Nick Heather is a clinical psychologist, alcohol researcher and Emeritus Professor of Alcohol & Other Drug Studies at Northumbria University. He was one of the pioneers of brief intervention techniques to reduce alcohol misuse, and has challenged the disease theory of alcoholism and has over five hundred research publications and books.

Early life 
Nick Heather was born in London in 1938 and was the son of an off-license manager. Born and still officially named Brian Heather, in an interview for the Journal Addiction he explained after his birth his father remarked he looked like "old Nick" due to thick black hair. In his late teens he joined the Royal Air Force under one of the last phases of National Service, posted mostly in Germany. After various jobs he decided he would take A-levels in an attempt to go to University and in 1965 he received a degree in Psychology and Statistics from University College London, followed by Masters and Doctorates at Leeds and University of Dundee.

In 1976 his first book was published 'Radical Perspectives in Psychology', which critiqued psychiatry and some of the academic approaches to psychology at the time.

Challenging the disease model of 'alcoholism' 
Heather has had a number of books published which present evidence and theories that intend to disprove the notion that alcoholism exists as a disease. In 1981 Heather co-authored a book on controlled drinking, which looked at a number of studies that found some dependent drinkers were able to return to problem free drinking.  In 1997 Heather's co-authored book 'Problem Drinking' was published by Oxford Medical Publications. The book extensively explored alcohol problems and their interpretation through various research and debate, repeatedly setting out evidence to contest disease model interpretations of alcohol problems.
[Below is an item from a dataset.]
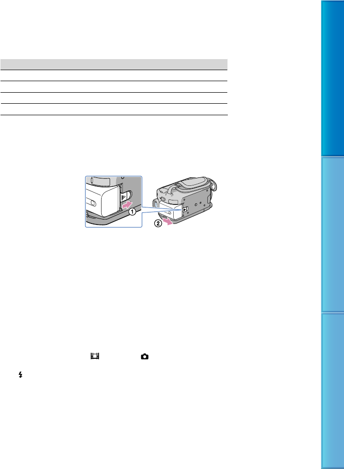 Time measured with the camcorder at 25 C (77 F). 10 C to 30 C (50 F to 86 F) is recommended.

As well as evidence of controlled drinking in some formerly dependent drinkers, a wide variety of other evidence is set out to contest the disease model. One strong theme of the book is the complexity of alcohol problems, whereby dependence itself can vary greatly in severity. As such, Heather argues that there is no hard and fast line between  'alcoholics' and 'non-alcoholics', so the concept is inherently flawed. Also argued are that many people who do indeed develop alcohol dependence do recover, often spontaneously or without subscribing to any formal support. Dependence does not also mean an inevitable progression into worsening addiction and ultimately 'rock bottom', as is often claimed by disease model advocates.

Despite arguing that alcohol problems are in a large part attributable to social learning theory, Heather still recognises the role of genetics as an influencing risk factor for developing alcohol dependence. However whilst some people may have a genetic predisposition, there are a wide range of socio-psychological factors that also significantly influence risk of dependency, rendering disease model thinking simplistic and flawed. In the  2007 interview with the Addiction Journal, Nick Heather stated he was "depressed by the resurgence of the
notion of there is something called ‘alcoholism’ which is a brain disease", which has "held us back from a proper understanding of alcohol problems and how they may be resolved in all kinds of ways".
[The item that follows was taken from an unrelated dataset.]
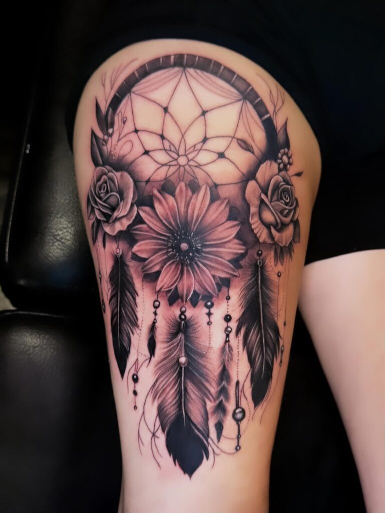 4. Floral Dreamcatcher Thigh Tattoo

Heather was also instrumental in establishing the 'New Directions in the Study of Alcohol Group' (NDSAG) in the 1970s, which allowed those working in the addictions field to come together to discuss and challenge notions such as the disease model. Heather remains Honorary President of the Group, which in 2016 holds its 40th annual conference.

The development of brief interventions 
The delivery of brief intervention for non-dependent drinkers is a key alcohol public health policy in many countries across the globe. Although some literature credits the early development of brief intervention to the United States, its true origins go back to the Scottish Highlands through work by Heather and colleagues.

By the 1980s Heather was becoming an experienced alcohol researcher, specifically focusing on work relating to 'controlled drinking'. In part, brief interventions came about because of difficulties recruiting dependent drinkers for studies meant Heather and colleagues sought other participants out through primary care. Heather collaborated with the Scottish Health Education Group to produce a screening and intervention pack for general practitioners called DRAMS (Drinking Responsibly and Moderately with Self-control). Heather has stated the Scottish Health Education Group was an important and innovative group in the 1970s and 1980s but was closed down by the government for criticising government policy.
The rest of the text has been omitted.